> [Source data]
****************

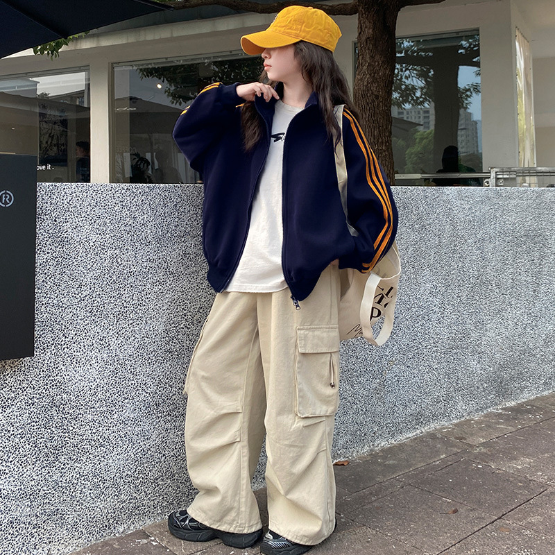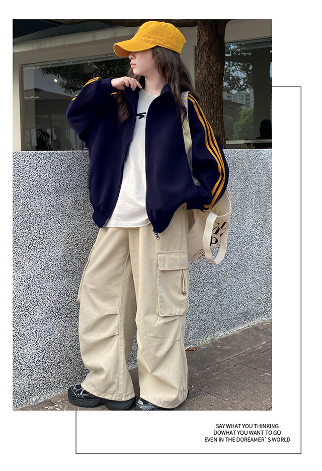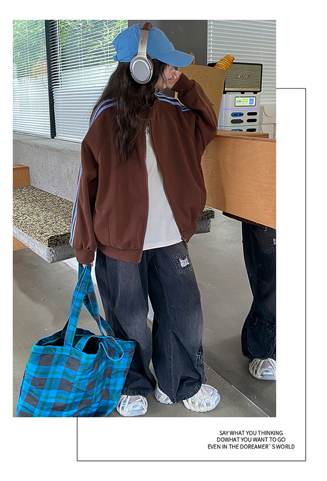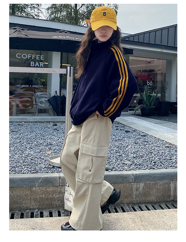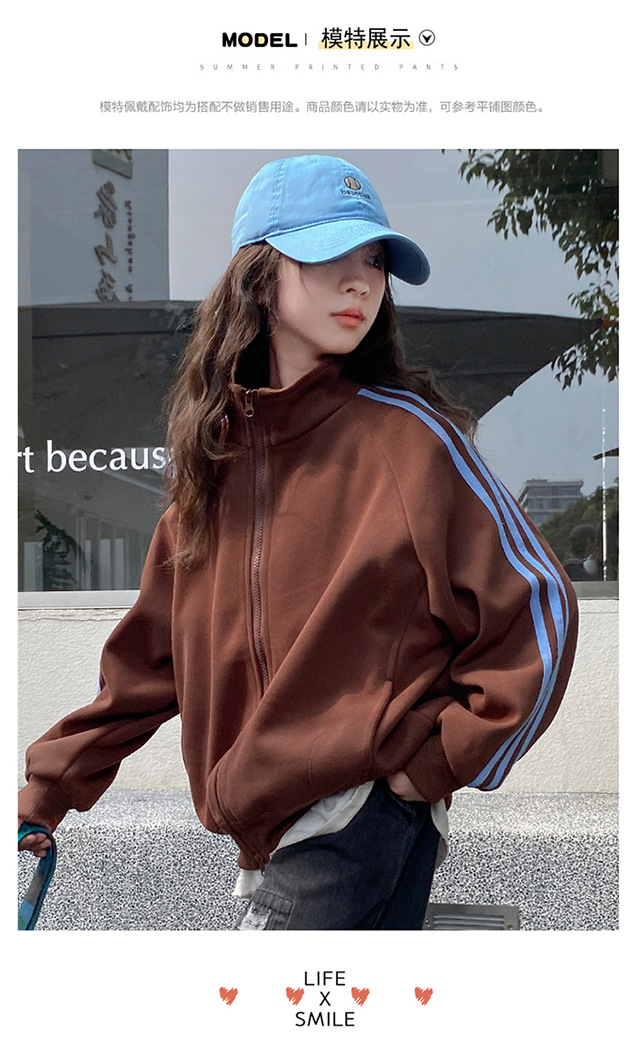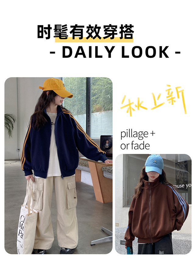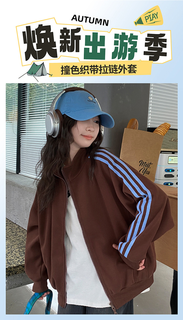 撞色织带拉链外套_08
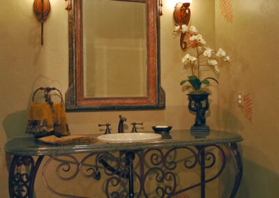 Plaster walls, ornate vanity, and iron accents
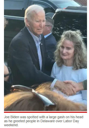 報道稱,社交媒體上流傳的一段畫面顯示,現年82歲的拜登顯得虛弱,額頭有一道明顯的紅色傷口,部分被白發(fā)遮蓋。
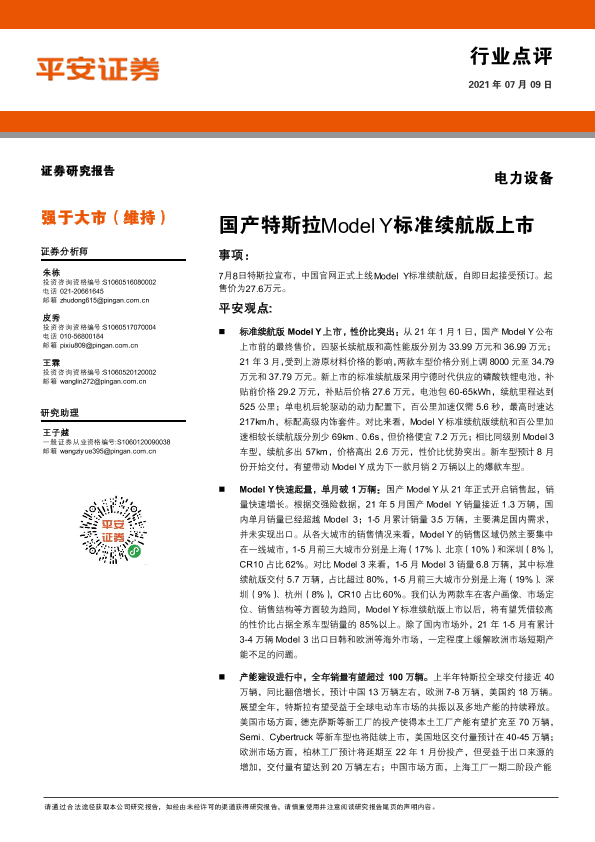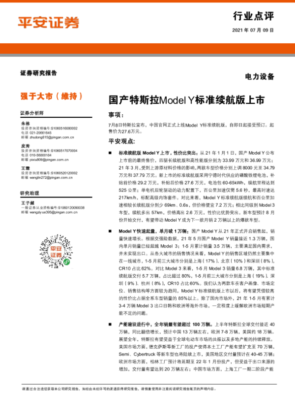【平安证券】【20210709】电力设备行业点评:国产特斯拉Model Y标准续航版上市-3页
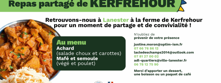La ferme de Kerfrehour ouvre ses portes ce jeudi 26 mars pour un moment de convivialité et de partage en plein quartier pour un repas partagé ! 🌿
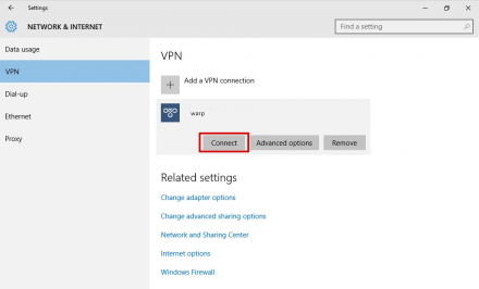 25. Finally, go to your VPN settings under Network & Internet and click on Connect and the VPN connection will be established in few seconds.
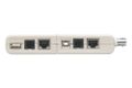 Der 4-in-1 Kabeltester von Intellinet Network Solutions ist ein günstiges und vielseitiges Werkzeug zum Testen von vier gängigen Netzwerk- und Computerkabeln: Ethernet (RJ45), RJ11, BNC und USB. Bei einer Reichweite bis zu 180 m prüft er auf durchgängige Verbindungen sowie auf offene Drähte und Kurzschlüsse. Die jeweiligen Fehler und betroffenen Pins können auf den Geräte-LEDs abgelesen werden.
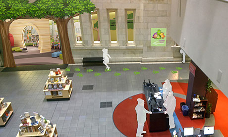 Interactive, stimulating wayfinding that leads children from the entrance, through the adult library, and into theirs.
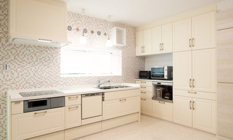 北欧スタイルのタイルで可愛いいダイニングキッチン
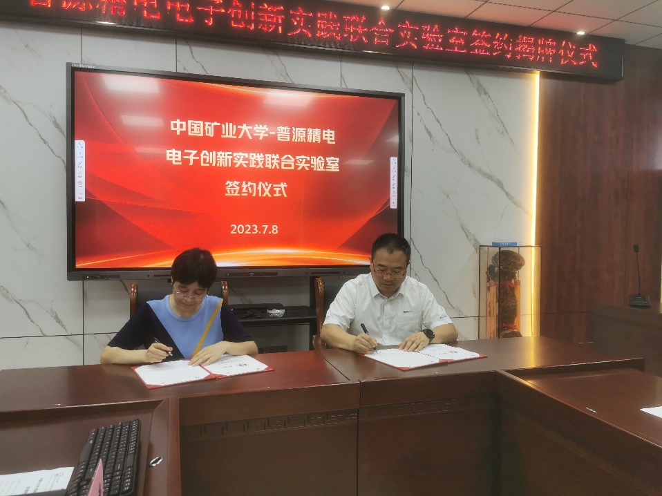 双方共同签署了中国矿业⼤学-普源精电电⼦创新实践联合实验室合作协议,并为联合实验室揭牌。
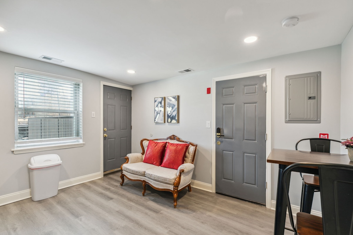 Красивый район художественного музея Студия - Эта просторная квартира открытой планировки с высокими потолками с деревянными полами, полноразмерной кроватью Murphy, футоном; 60-дюймовым телевизором с поворотным креплением, Wi-Fi, собственной ванной, стиральной/сушильной машиной, духовкой и микроволновой печью. Всего в нескольких кварталах от многих отличных достопримечательностей, включая музеи, рестораны, парки и многое другое! Бесконтактное прибытие и уединение вашего собственного уникального жилья в этом двухквартирном доме. В пешей доступности от метро Met, Broad Street и местных закусочных.
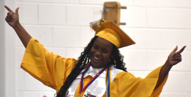 DSC_0132 By Andre Jones | May 31, 2025 12:53 pm Salutatorian India Harris can’t help but dance as she moves to the rhythm crossing the stage to receive her diploma.
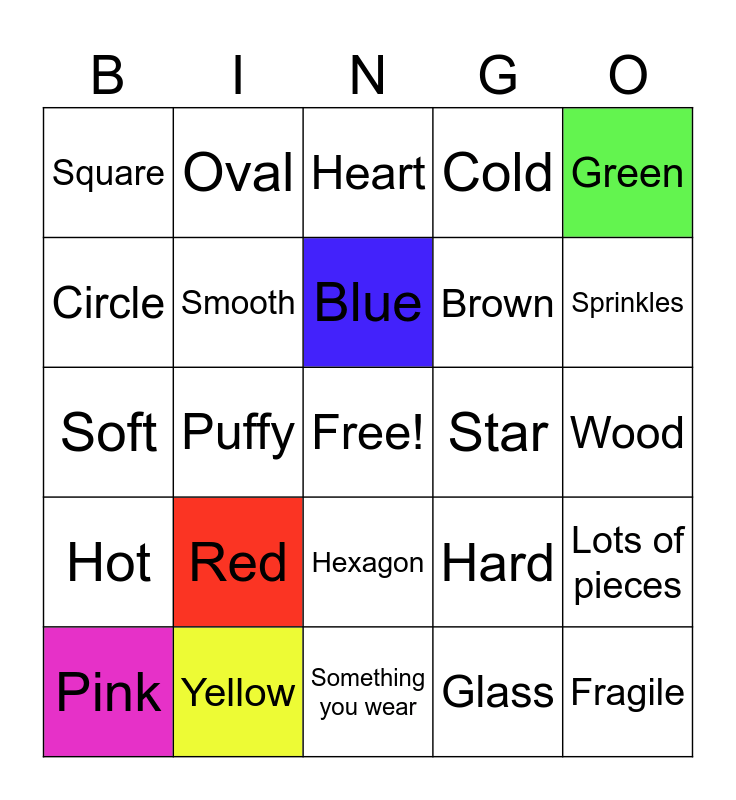 This bingo card has a free space and 24 words: Red, Yellow, Blue, Pink, Green, Square, Circle, Oval, Star, Hexagon, Brown, Soft, Hard, Lots of pieces, Smooth, Glass, Wood, Heart, Sprinkles, Puffy, Fragile, Hot, Cold and Something you wear.
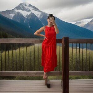 Code X Mode Cotton Blend Red Tailored Maxi Dress, Size Xsmall Xs
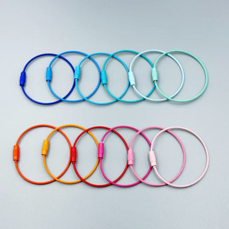 공장 직영 컬러 페인트 강철 와이어 로프 열쇠고리 캔디 컬러 키체인 수제 장식 액세서리 수하물 태그
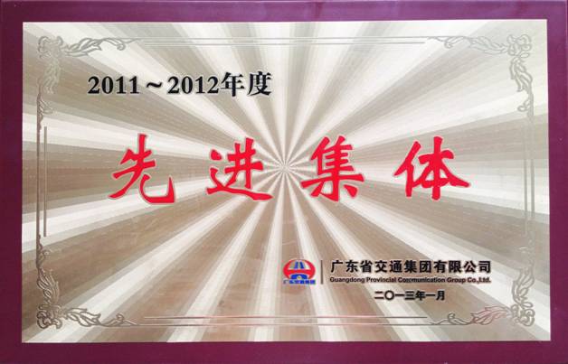 热烈祝贺我司被广东省交通集团有限公司授予“2011—2012年度先进集体”荣誉称号,与此同时孙向东副总工程师、市政与交通工程设计部汪超主任荣获“2011—2012年度先进生产(工作)者”荣誉称号。
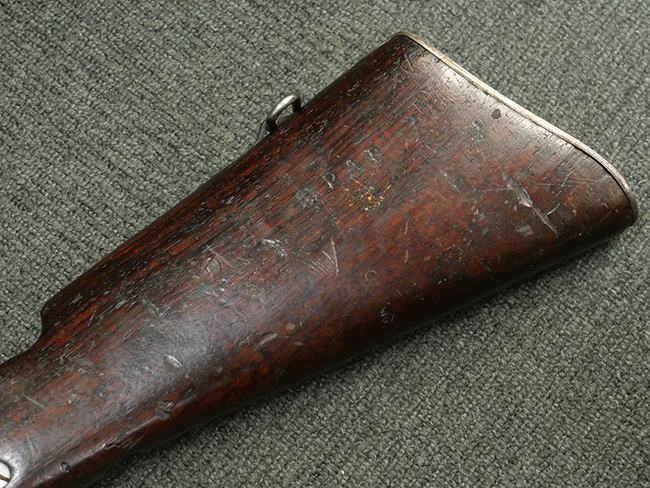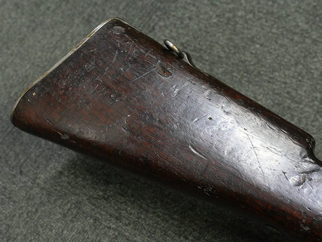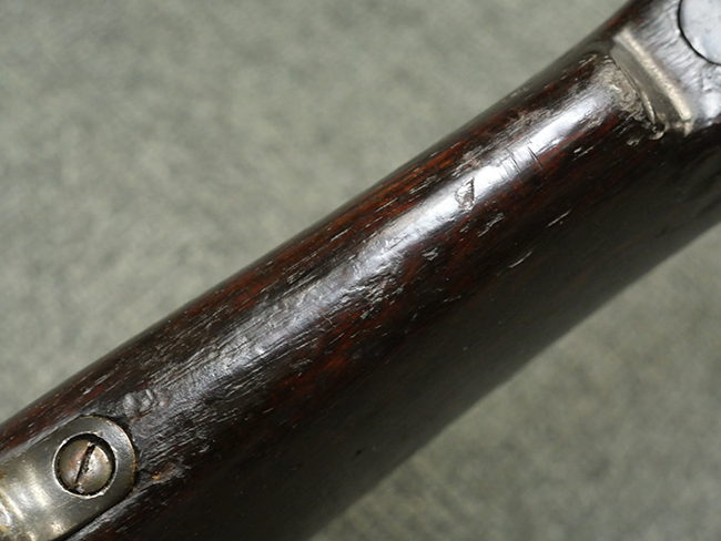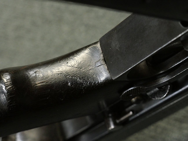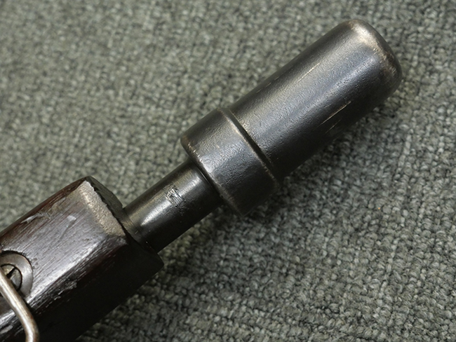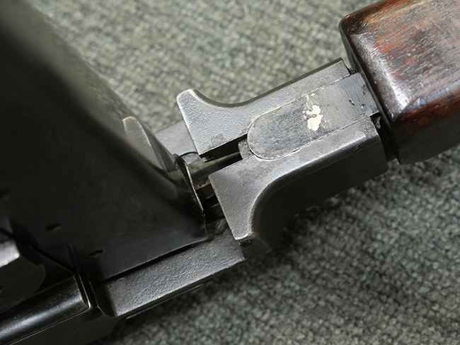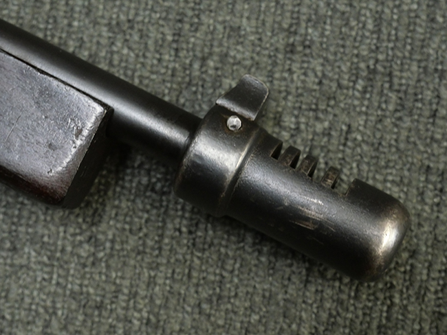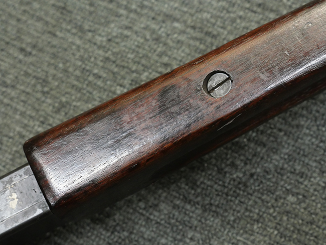 本品は全体に使用感が見受けられ、レシーバーや銃身といった金属部については、全体的に細かな朽ち込み錆痕が見られる他、角部などに仕上げが薄くなり金属の地肌が表れている箇所が見受けられるものの、全体に目立った欠損等は見られず、概ねしっかりとした状態が保たれています。 木製のハンドガード及びバット・ストックは、木部には若干の打ち傷やが見られるものの、概ねしっかりした状態が保たれています。 ハンドガード右面上部に強度に影響のない程度の小さなクラックが見られますが、。 木部の色味に関しては、ハンドガードがグリップやバット・ストックに比べて若干明るめの色合いとなっていますが、大きな違和感のない程度のもので、銃本体との取り付けにガタつきもなくしっかりとしています。 ハンドガードには左側面上部と下面のスイベル金具付近に一部欠けが見られます。 グリップには細かな打ち傷が見られるものの、クラック等は見られず取り付けにガタつきも見られません。 バット・ストックには若干の打ち傷が見られる他、ストック基部金具左右からクラックが見られます。 バット・ストック左側面の根元部には割れ留めと思われるネジが2本打たれています。 バット・ストックの取り付けは、若干の遊びが見られますが十分許容レベルで、着脱もスムーズに行えます。 バット・プレート部は、全体に表面仕上げが落ちて地の金属色となっている他、若干の打ち傷見られるものの、目立った変形等は見られず、ストック内コンパートメントの蓋の開閉についても問題なく行う事が可能です。 マガジンの着脱やリア・サイトの起倒・調整についても問題なく行う事が可能です。 セレクター・レバーの切り替えは加工によりシングルポジションには入らなくなっています。 セーフティ・レバーの切り替えは可能です。

****************

> [WHAT IS NEEDED] Write out a verbatim copy of the lines from the line that contains "DSC_0132 By Andre" through the end of the entries above; pictures are not copied.

> [TASK SOLUTION]
 DSC_0132 By Andre Jones | May 31, 2025 12:53 pm Salutatorian India Harris can’t help but dance as she moves to the rhythm crossing the stage to receive her diploma.
 This bingo card has a free space and 24 words: Red, Yellow, Blue, Pink, Green, Square, Circle, Oval, Star, Hexagon, Brown, Soft, Hard, Lots of pieces, Smooth, Glass, Wood, Heart, Sprinkles, Puffy, Fragile, Hot, Cold and Something you wear.
 Code X Mode Cotton Blend Red Tailored Maxi Dress, Size Xsmall Xs
 공장 직영 컬러 페인트 강철 와이어 로프 열쇠고리 캔디 컬러 키체인 수제 장식 액세서리 수하물 태그
 热烈祝贺我司被广东省交通集团有限公司授予“2011—2012年度先进集体”荣誉称号,与此同时孙向东副总工程师、市政与交通工程设计部汪超主任荣获“2011—2012年度先进生产(工作)者”荣誉称号。
 本品は全体に使用感が見受けられ、レシーバーや銃身といった金属部については、全体的に細かな朽ち込み錆痕が見られる他、角部などに仕上げが薄くなり金属の地肌が表れている箇所が見受けられるものの、全体に目立った欠損等は見られず、概ねしっかりとした状態が保たれています。 木製のハンドガード及びバット・ストックは、木部には若干の打ち傷やが見られるものの、概ねしっかりした状態が保たれています。 ハンドガード右面上部に強度に影響のない程度の小さなクラックが見られますが、。 木部の色味に関しては、ハンドガードがグリップやバット・ストックに比べて若干明るめの色合いとなっていますが、大きな違和感のない程度のもので、銃本体との取り付けにガタつきもなくしっかりとしています。 ハンドガードには左側面上部と下面のスイベル金具付近に一部欠けが見られます。 グリップには細かな打ち傷が見られるものの、クラック等は見られず取り付けにガタつきも見られません。 バット・ストックには若干の打ち傷が見られる他、ストック基部金具左右からクラックが見られます。 バット・ストック左側面の根元部には割れ留めと思われるネジが2本打たれています。 バット・ストックの取り付けは、若干の遊びが見られますが十分許容レベルで、着脱もスムーズに行えます。 バット・プレート部は、全体に表面仕上げが落ちて地の金属色となっている他、若干の打ち傷見られるものの、目立った変形等は見られず、ストック内コンパートメントの蓋の開閉についても問題なく行う事が可能です。 マガジンの着脱やリア・サイトの起倒・調整についても問題なく行う事が可能です。 セレクター・レバーの切り替えは加工によりシングルポジションには入らなくなっています。 セーフティ・レバーの切り替えは可能です。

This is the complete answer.